The problem with a link tax is that it’s unworkable because it is hard to identify copyrighted material and what is and isn’t news. It’ll be the slipperiest of slopes. No other country has chosen to use this approach. They understand the Internet is meant to freely connect and not to charge a toll as you do. The legislation needed encourages negotiated settlements and, when there are disputes, arbitration – the Australian model, the one that rejected the link-tax idea.

But your leader, our prime minister, has a stubbornness and insistence that often gets in his way, and this week he was again chiding Facebook as “deeply irresponsible and out of touch” and deriding the Internet giants as “dangerous to our democracy, to our economy.”

Unless the Senate can truly live up to its billing as the chamber of sober second thought and send the bill back to the Commons for reconsideration, the legislation will prove phenomenally harmful. Media will lose audiences, media will lose advertising that goes with it, media will lose agreements, and the titans go to work the next morning as if nothing happened.

And then there was what happened last weekend at your party’s national convention, thanks to the spadework from the Vancouver-Quadra riding association.

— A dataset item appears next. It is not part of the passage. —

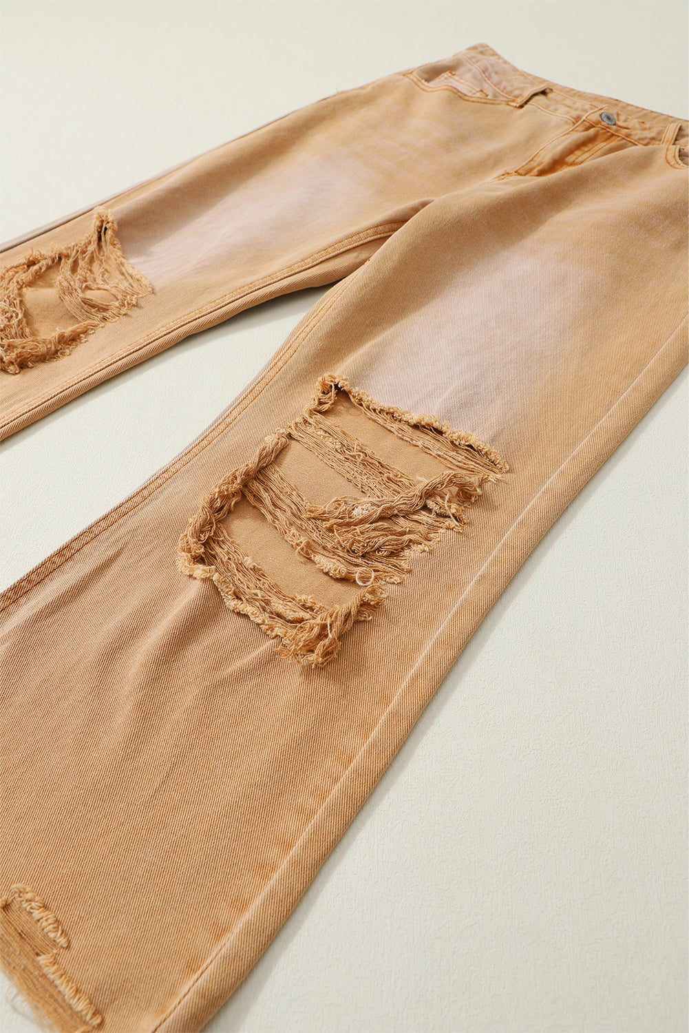 Brown Distressed Hollow-out High Waist Cropped Flare Jeans

Again: good intentions, road to Hell.

A party resolution emanating from the riding called on the government to “limit publication only to material whose sources can be traced” and to hold online information services “accountable for the veracity” of information they carry. It was argued the resolution aimed to deal with misinformation.

There are three easy, queasy implications: this veracity requires a regulator and who knows what that would look like, information wouldn’t be published if sources couldn’t be identified and who knows what that would look like, and anonymous sources are largely necessary because yours and other governments won’t tell us important things. I’d venture this resolution would help the government more than media, a lot.

I’m dating myself, but your leader’s father, the architect of our Charter of Rights and Freedoms, must have shouted “fuddle duddle” from his grave about the constitutional breach. Anyone taking the Grade 11 Introduction to Law class would know that, too. Pierre’s son, our leader, took his sweet time – three days – to declare his government wouldn’t respect the resolution and would “never harm journalists’ capacity to do the professional, independent work that they do.”

On that, of course, it is to giggle. This is a government miserly with disclosure, masterful with deflection, and our freedom of information law is a farce. This is the same prime minister who took pains to ridicule media reporting of Chinese interference in the last election, then this week expelled the embassy official identified as a perpetrator. His history of evasive Commons performances reminds us of the good reason the daily exchange with the opposition is called Question Period and not Answer Period.

To add a little kerosene to the flambé in the pan, Vancouver Centre Liberal MP Hedy Fry’s heritage committee last week deduced that a good title for a session with the tech titans should be “Tech Giants’ Use of Intimidation Tactics.” Excellent strategy to bring them to their knees! Call them bad names! Facebook’s president of global affairs decided not to show; a statement was read into the record. The session title was changed, the executive has been summoned, but the relationship is a wreck.

On all of this, the Liberals don’t fret; it’s the media business that loses sleep. Many thanks for the helping hand, folks.

Kirk LaPointe is publisher and executive editor of Business in Vancouver and vice-president, editorial, of Glacier Media.